Если же все это было — и ты сознательно пошел на такой разрыв, то тогда не я, а ты сделал ошибку. В результате которой мы с тобой оба многое потеряли.
И еще. Не надо деспотически упрекать меня (что ты сделал по телефону), что вот, мол, «народ гибнет, а вы с Глушковой выясняете отношения»… Это слишком грубо и недостойно твоего ума. В ответ я могу сказать, ну, допустим, такое: «народ гибнет, а вы, ребята, в ресторане «Кабанчик» жрете осетрину и запиваете шампанским» и т. д. …
Ну ладно, нет худа без добра, объяснился, написал — и легче мне стало. Не надо теперь, Саша, приглашать меня на вечера ни к белым, ни к красным, ни на Новый год; жаль мне, но, видимо, семгу мы с тобой на Мегре уже не половим… И над Личуткой-баннушкой уже не пошутим…
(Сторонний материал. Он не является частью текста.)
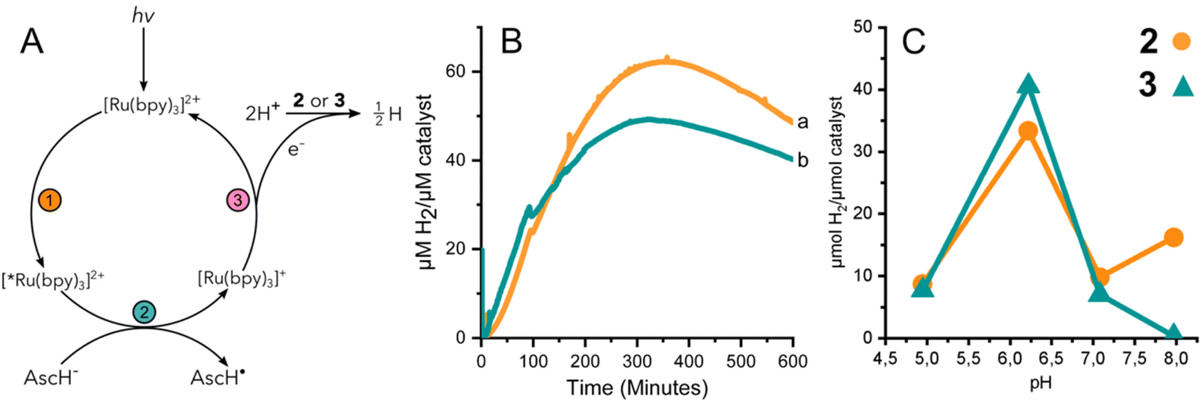 圖3(A)光激活HER的反應方案。(B)H2由2(a,橙色)和3(b,青綠色)在光催化條件下pH 6.2產生。通過H2感應電極檢測。(C)在反應完備時,在pH條件下的頭間檢測到H2。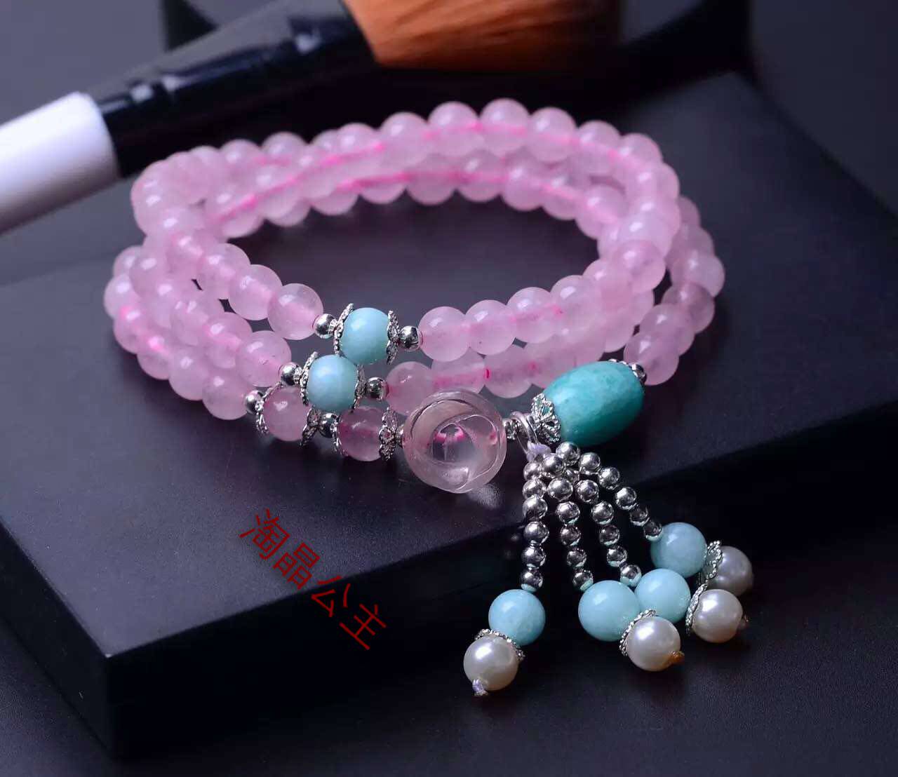 天然马达加斯加粉水晶天河石手链手串项链吊坠饰品

Разорвалась паутинка… Много ли ей надо? Эта материя слишком нематериальная… Посылаю тебе номер с чеченскими очерками, жду нового романа, наши литературно-общественные связи останутся прежними. А то, что я пишу — всего лишь невидимые миру слезы… Их больше не будет.
Станислав».
* * *На этом в нашей драме была поставлена точка. Но Глушкова оставалась верной себе. Незадолго до смерти в интервью, опубликованном в «Независимой газете», № 8 1998 г., она по-своему «отблагодарила» Александра Андреевича Проханова за все, сказав об «общественной преступности газеты «Завтра», о том, что, «в № 11 и 12 газеты «Завтра» продемонстрирована нерушимая «сплотка» всех беловых-распутиных-балашовых-личутиных-шафаревичей вокруг духовно криминализирующегося «патриотического «издания». А сам главный редактор и его заместитель — «Бондаренко и Проханов для русской культуры — то же, что Киселев и Миткова для российской государственности».
Ну что же, Александр Андреевич, поощрив Татьяну Михайловну, на другое и не мог рассчитывать. Она все-таки добилась своего и отравила мою дружбу если не с Вадимом Кожиновым, то с Александром Прохановым. Занавес закрылся. И мы с Татьяной Михайловной публично больше не вспоминали друг о друге.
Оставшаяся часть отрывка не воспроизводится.